Для сравнения приведу здесь по Геродоту известное сказание (несомненно греческого происхождения), о подобном угощении Арпага Астиагом. Астиаг убивает единственного тринадцатилетнего сына Арпага и разрезает его на части (отрезая член за членом). Одни из них он жарит, другие варит, и приглашает отца на пир. Самому Астиагу и прочим были поставлены столы с бараньим мясом, Арпагу же (были поданы) все части его собственного сына, за исключением лишь головы и оконечностей рук и ног, которые лежали, прикрытые, в стороне, в корзине. Когда Арпаг наелся, Астиаг спросил его, доволен ли он угощением. На ответ Арпага, что очень даже доволен, те, кому это было приказано, поднесли прикрытую голову ребёнка, его руки и ноги и, став пред ним, пригласили его открыть (корзину) и взять себе из неё, что ему будет угодно. Следуя приглашению, Арпаг открыл и увидал оконечности своего сына. Увидавши, он (однако) не растерялся и скрыл своё волнение. Астиаг спросил, знает ли он зверя, мясо которого он ел. Тот отвечал, что знает, и что всё приятно, что делает царь. Ответив таким образом и взявши остальное мясо, он отправился домой. Я полагаю, что потом он намеревался похоронить всё вместе». [785]

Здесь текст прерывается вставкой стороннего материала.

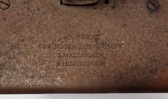 Late 19th century 'Shakespeare' sewing machine by the Royal Sewing Machine Company, Birmingham, on mahogany base with maker's plaque, 28cm high
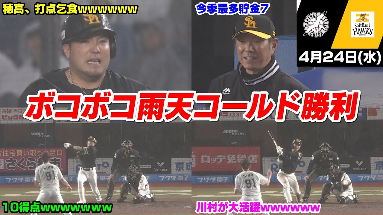 今日の穂高、最強ホークス打線爆発で13安打10得点取って雨天コールド勝利WWWWWWWW【2024/4/24】
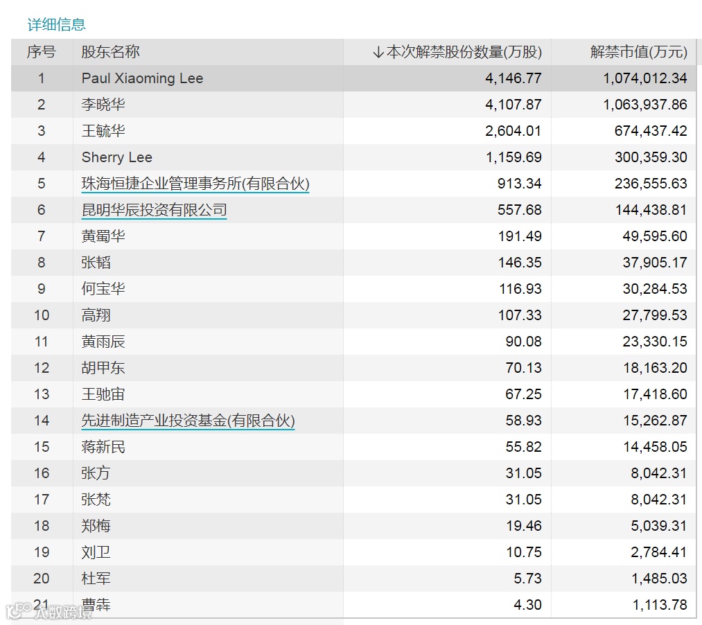 下周解禁市值最大的恩捷股份为锂电池隔膜龙头股,是近两年市场的大牛股之一。2020年以来,截至2021年8月13日,恩捷股份累计涨幅达到414.62%。8月16日解禁的2.46亿股来自于2018年8月完成的定增股份的一部分,彼时定增发行价为24.87元/股,发行对象为Paul Xiaoming Lee、李晓华、王毓华等21名股东。在下周解禁的2.46亿股中,Paul Xiaoming Lee将解禁4146.77万股,李晓华将解禁4107.87万股,这两大股东的解禁市值均超百亿元。Wind数据显示,截至2021年6月15日,Paul Xiaoming Lee、李晓华分别为恩捷股份第一和第五大股东。
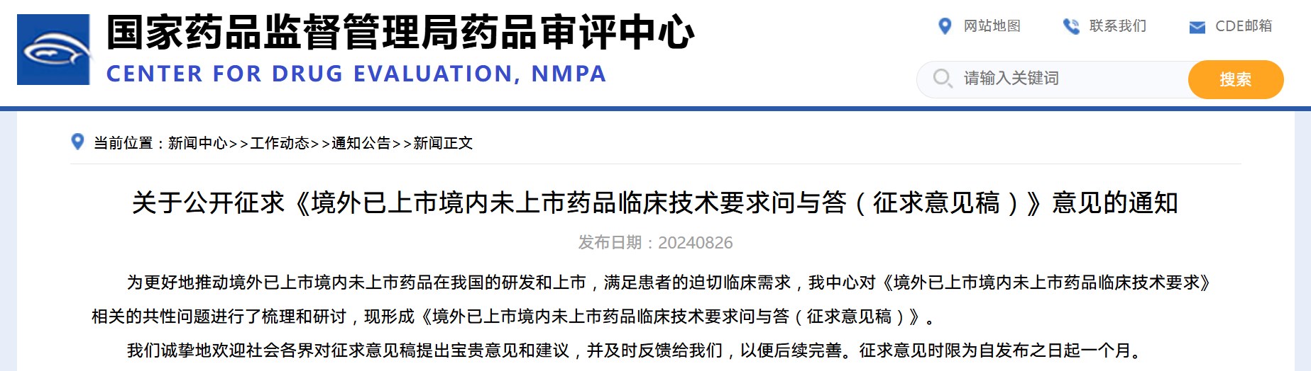 國家藥監(jiān)局藥審中心關(guān)于公開征求《境外已上市境內(nèi)未上市藥品臨床技術(shù)要求問與答(征求意見稿)》意見的通知

Нельзя не указать хоть мимоходом на интересную черту в этом сказании, что одна часть мяса варится, а другая жарится, как мы это видели и в некоторых других случаях. Но особенно важно для нас, что Арпаг «не растерялся (или даже просто не испугался) и скрыл своё волнение», вообще, что он, по-видимому, не особенно обиделся поступком Астиага. Эта черта объяснима только в том случае, если в первоначальной форме сказания умерщвление ребёнка представлялось делом дружбы, или по крайней мере поступком никак не обидным для Арпага. По Геродоту, Астиаг наказывает Арпага этим угощением за то, что тот оставил в живых молодого Кира, которого ему было велено покинуть в диком месте гор (на съедение зверям). Но ведь, по самому же Геродоту, опасения насчёт Кира оказались по крайней мере в глазах Астиага, неосновательными. Поэтому он должен радоваться, что Кир жив. И на самом деле мы видим, что вследствие счастливого спасения Кира он устраивает благодарственное жертвоприношение богам, и что он приглашает Арпага, виновника этого празднества, на пир. Арпаг является и радуется, что его непослушание послужило причиной такого счастья. [786] Если сопоставить всё это со смирением Арпага в конце рассказа, то станет очевидным, что мотив, будто царь питал потаённую злобу к Арпагу за непослушание, придуман только впоследствии, чтобы объяснить мнимую обиду Арпага.
Поэтому мне кажется, не должно подлежать сомнению, что первоначальная форма этого сказания была, приблизительно, следующая:
Герой (Арпаг) угощает божество мясом своего собственного, единого сына, предлагая ему руки, ноги и голову (?) жертвы и довольствуясь сам прочими частями тела.
Из этой основной формы читатель – после всего того, что сказано мною выше о подобных мифах – будет в состоянии вывести с легкостью тот вид сказания, который мы находим у Геродота. Что у каннибалов самыми вкусными частями человеческого тела считаются большей частью руки (ладони), ноги (голени) и голова (щеки), об этом мы уже говорили.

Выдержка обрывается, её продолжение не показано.